* [PROVIDED INFORMATION]:
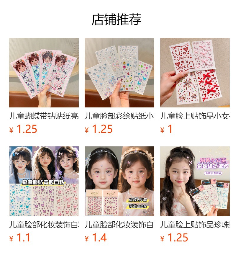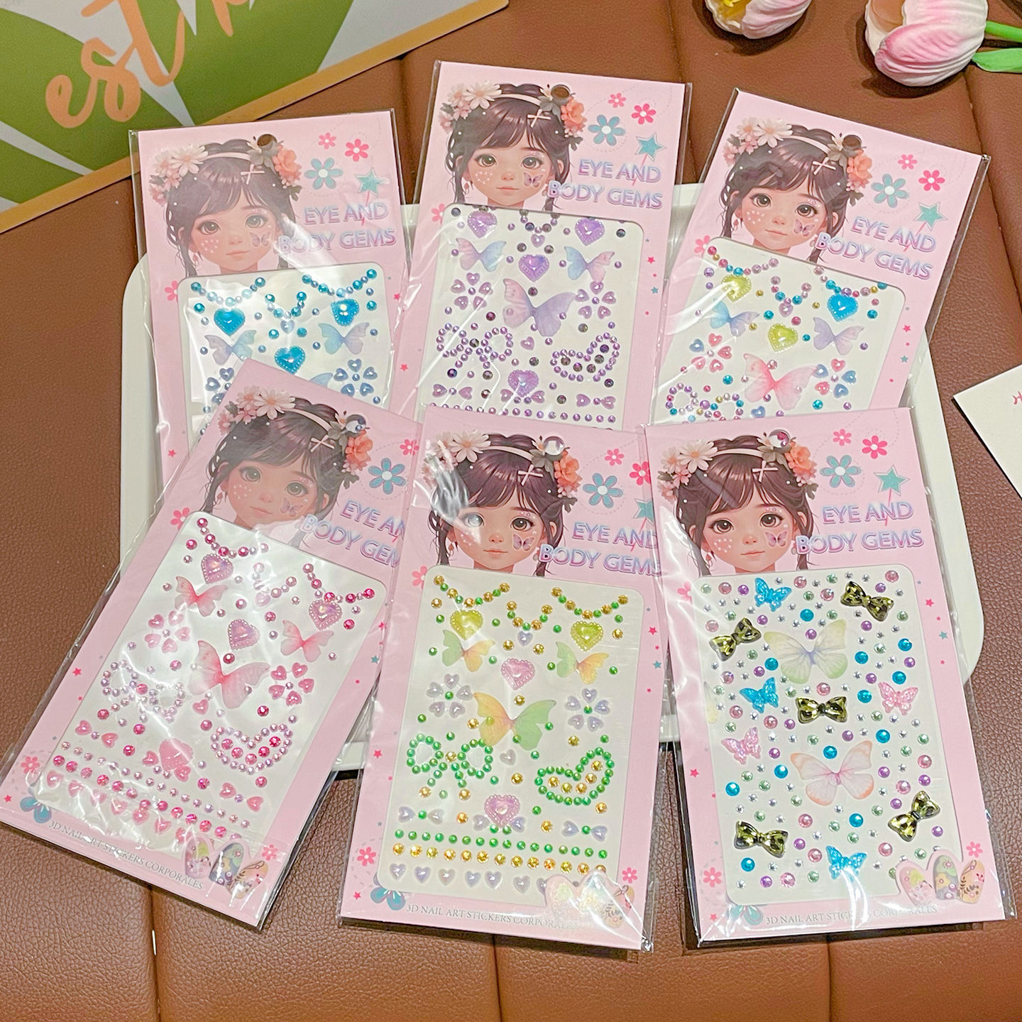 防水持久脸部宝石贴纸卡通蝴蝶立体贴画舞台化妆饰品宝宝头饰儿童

* * *

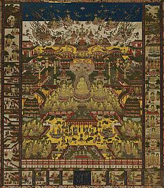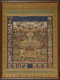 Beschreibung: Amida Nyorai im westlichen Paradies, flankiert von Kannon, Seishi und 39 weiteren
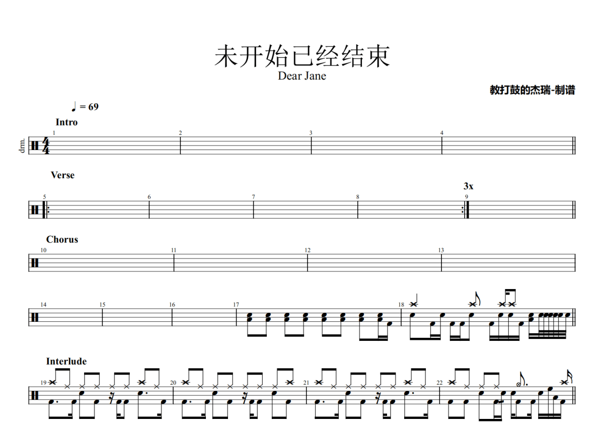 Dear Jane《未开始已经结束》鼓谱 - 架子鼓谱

* [ACTIVITY]: Among the entries above, find the line with "Beschreibung: Amida Nyorai" and repeat exactly from there through the line with "Dear Jane《未开始已经结束》鼓谱 - 架子鼓谱", leaving out the pictures.

* [REPLY TO THE EXERCISE]:
 Beschreibung: Amida Nyorai im westlichen Paradies, flankiert von Kannon, Seishi und 39 weiteren
 Dear Jane《未开始已经结束》鼓谱 - 架子鼓谱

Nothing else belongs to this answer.